祖父の誕生日会は男の盛大なゲロで幕を閉じた。

みんなが続々と帰宅する中、店内には悲しさを増長させるように「舟唄」が

流れていた。


「ちょっと…しっかり歩いてくださいね~」


お爺ちゃんの強い意向で、男を一晩俺とお爺ちゃんが住む家に一泊させることにした。

暗い住宅街を10分ほど車椅子を押して歩く。


なんだろうこの2人の間に流れる気まずさは。先程までお爺ちゃんは、男の顔を見つめていたのに、今やずっと前を見ている。男も男で、下を向いて歩いている。バラの花束は持ったままだったけど。


「二人ともなんでそんな静かなの?飲みすぎ?」


無視だ。無視されている。


「あ、お爺ちゃんトイレ行かなかったけど大丈夫?

 まあオムツしてるし平気か」


こそっ祖父の耳元で話しかけると祖父が顔を真っ赤にして叫んだ。


「オムツは万が一でしているだけだ!!!!!!!」


「ご、ごめん…。でもほら、だからこっそり言ったのに」


今言わなくてもいい事を言ってしまったな。ついお爺ちゃんを赤ちゃん扱いしてしまう。悪い癖だ。


そして、2人に流れる空気は…あぁ、そうだ。これは

別れ間際のカップルの仲裁に入った気分に似ている。

大学生の時にあったなあこんなことが。


***


「散らかってますけど…」


放心状態の男を俺は一旦、リビングに通した。


「あぁ…ありがとう」


ソファーにドカっと座り家の中をキョロキョロと見渡している。


「麗、話をしよう」


お爺ちゃんは男を見て、か細い声で訴えたが俺が許さなかった。


「だめ、もう23時だよ。お話しするなら明日にしてね。明日ヘルパーさん来るからね?お風呂の日だよ」


抵抗するお爺ちゃんを宥めてながら、車椅子を寝室に向けて俺は歩きはじめた。


「お待たせしました。えーと、麗さん?」


リビングに戻った俺は、冷蔵庫から麦茶のボトルを取り出して2つ分コップに入れて注いだ。

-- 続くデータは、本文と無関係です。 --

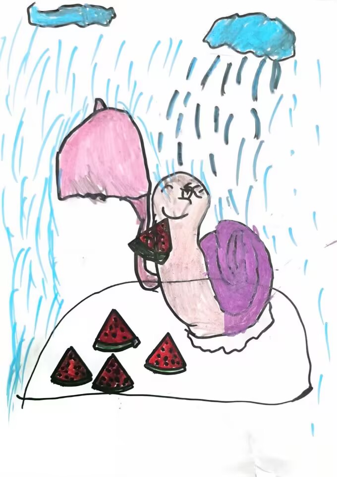 大家好!我画的是《保护环境才有西瓜吃的蜗牛乐园》。你看小蜗牛在雨天吃着甜甜的西瓜,多开心!这些西瓜都是因为我们保护好了环境才长出来的哦。要是环境不好,西瓜就长不出来了,蜗牛也没瓜吃啦。所以我们要好好保护环境,这样才能有甜甜的西瓜,还有可爱的小生物们快乐生活,大家说对不对!
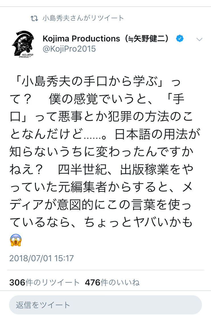 こんなことに反応する小島も小さいけど、書いてる方もクソだな。「ちっ、うっせーな。反省してまーすw」
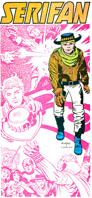 They parted ways with Darkseid, whose true aim remained obscure. Serifan was called upon to help Mister Miracle and Big Barda free the god Odin from the Source Wall (this in preparation to oppose Darkseid). His Cosmic Cartridges succeeded in freeing Odin from the Wall. (Jack Kirby's Fourth World #3)
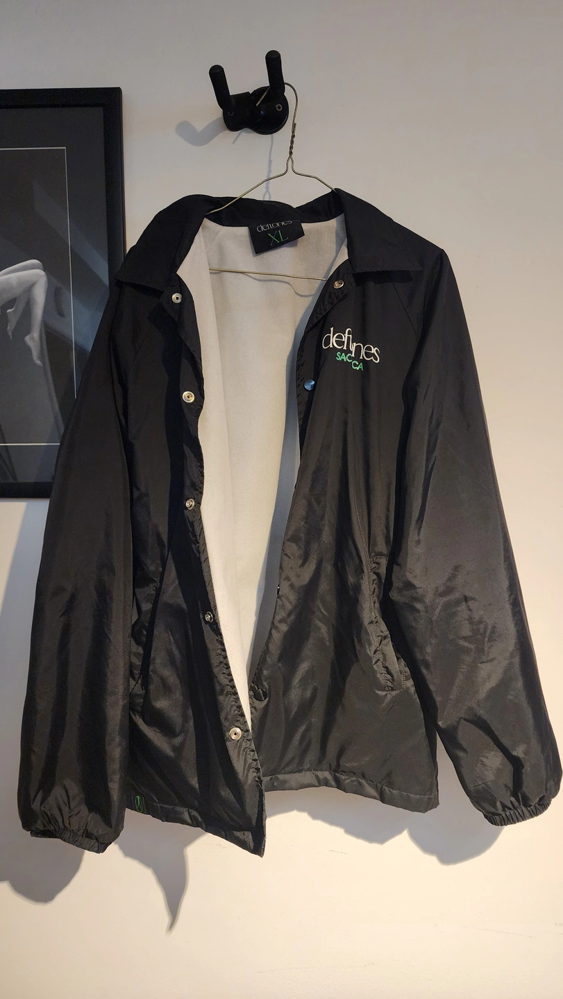 In perfect condition, windbreaker worn a handful of times. Vinyl record is sealed and brand new with special box.
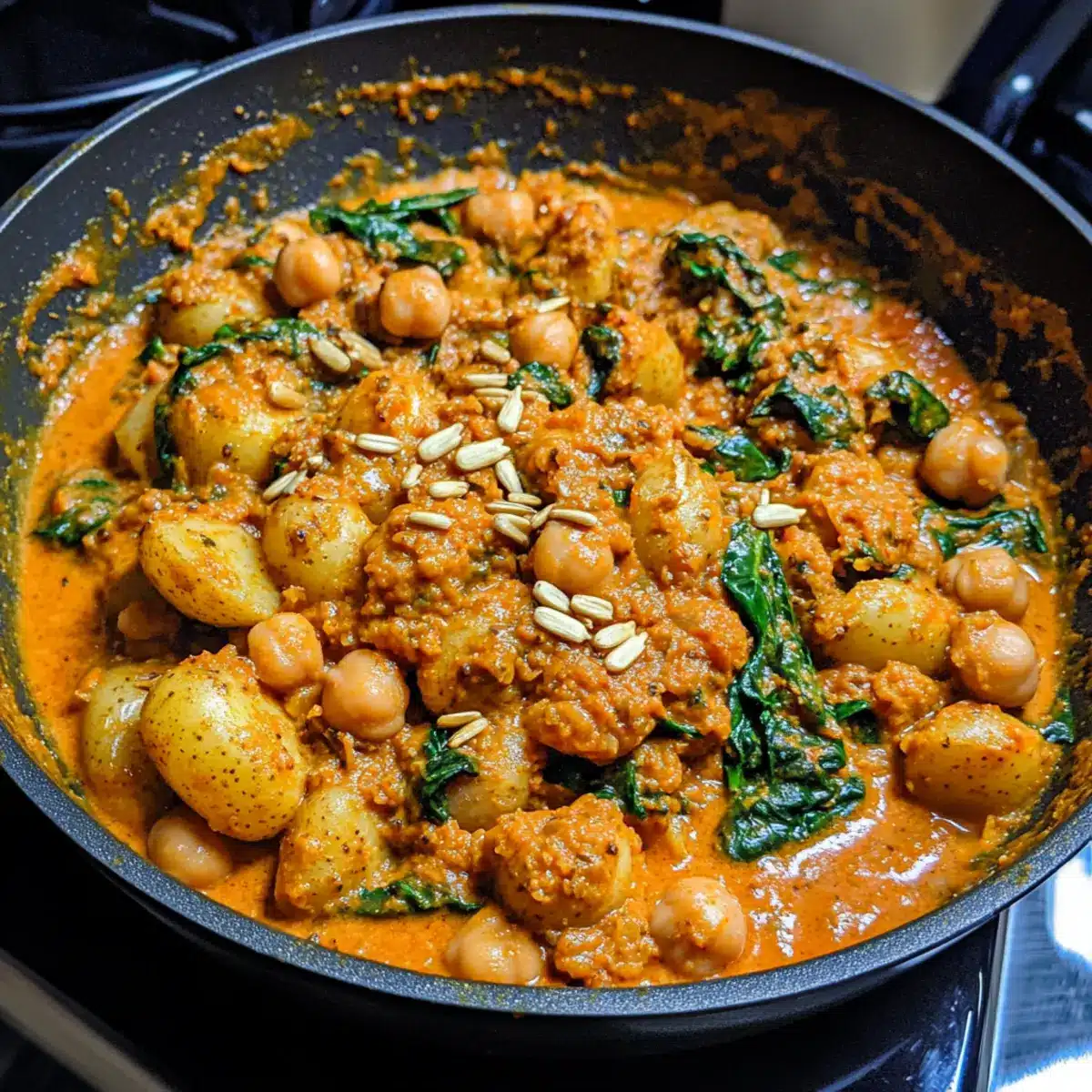 - Finish with Cream and Greens: Pour in vegan cream and add chopped spinach, stirring until wilted. Cook for another 2-3 minutes.
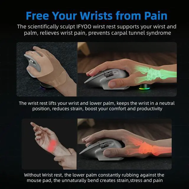 Wrists: Masterfully sculpted IFYOO HornsX1 RGB Gliding Plam Rest by experts it elevate your lower palm for about 1 cm keep your palm wrist and arm in a nature postion. Reduce wrist stress and pain and help prevent carpal tunnel syndrome. The perfect companion for long-time office workers and gamers.
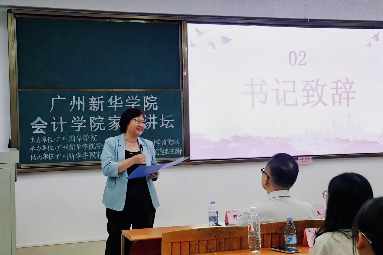 会计学院党总支坚持以习近平新时代中国特色社会主义思想为指导,全面贯彻党的二十大和二十届三中全会精神,落实立德树人根本任务,立足于会计学院“国家一流本科专业”建设,以“六位一体”构建“高质量党建+”品牌建设,高效推动党建与业务有机融合,进一步促进学院财会审人才培养的深度融合,实现学院各项事业高质量发展。为助力财会专业学生明晰职业发展方向,应对行业变革挑战,会计学院党总支于2025年5月7日成功举办“浅谈财会专业大学生的逆袭之路”家长讲坛,助力学生将专业知识与行业前沿动态有效衔接,提升职业竞争力。本次活动特别邀请到学生家长戴小娟老师作为主讲嘉宾。会计学院党总支书记李安兰老师、会计学院党总支副书记邓楚云老师和会计学院师生出席本次家长讲坛。

「はい、どうぞ。俺飲んだらおなかすいちゃうタイプで。今から鍋焼きうどん作りますけど…食べます?」


「鍋焼き…うど…ん」


男は麦茶を受け取り口にすると震えていた。寒いのか?


「まあ作りますね。あ、おじいちゃんには内緒ですよ。糖尿なんで鍋焼きうどんはたまーににしてるんです」


俺はキッチンに立つと、古びたガスコンロに2つ土鍋をセットして火をつけた。土鍋にだし汁、醤油、みりん、塩を入れてぐつぐつと煮る。


「鶏肉~あったあった」


冷蔵庫からあまりの鶏もも肉を取り出し鍋にポイといれた。

飲んだ後だからいらないともおもったけど、あるなら入れたい。良い出しが出るし。


「あとはこれこれ~」


冷凍庫から冷凍うどんを取り出し、鍋に浮かべた。

冷凍うどんってこしがあってうまいんだよなぁ。煮詰めてもぐちゃぐちゃにならないし。


うどんを煮ている間に白菜を切った。うどんに入れるのは芯に近いほうがいい。甘味が出てじんわり汁に合うからだ。


「いい匂いだ」


男が立ち上がって、キッチンに近づいて来た。

ふふふ、この誘惑には満腹でも勝てる人は少ないんだ。


「もう少しで出来ますよ」


白菜をと卵を割って入れて鍋の蓋をした。

グツグツグツグツ。ここでしか聞けない可愛いリズムがキッチンに響き渡る。


「麗さんでしたっけ?」


「あぁそうだ。麗でいい。お前は?」


「俺はおっくんでみんなからそう呼ばれていますから」


「うーん。じゃあおくと呼ばしてもらう」


「はは、何でもいいですよ。じゃあ麗。自分のは自分で運んで」


俺はミトンを麗の両手にはめてやるとコンロの火を止めた。

麗は両手に被せられた物体をまじまじと見たが、どこかしらウキウキしているようにも見えた。


俺たちはリビングのテーブルにあつあつの土鍋を運び、ゆっくりとふたを開けた。もわ~とたちあがった白い湯気は、古い日本家屋の隙間風に歓迎されるようにふわふわと天井に向かって心地よさそうに昇っていく。


「…英五と同じだ」


「ん?あぁ、これ俺もお爺ちゃんから教わったんだよ」


「英五も俺に作ってくれたんだ」


麗は湯気の中でツーと一粒の涙を流した。涙は1つが2つと数を増やし、小さな宝石のように煌めき、形の良い大きな目からポロポロと流れ落ちていった。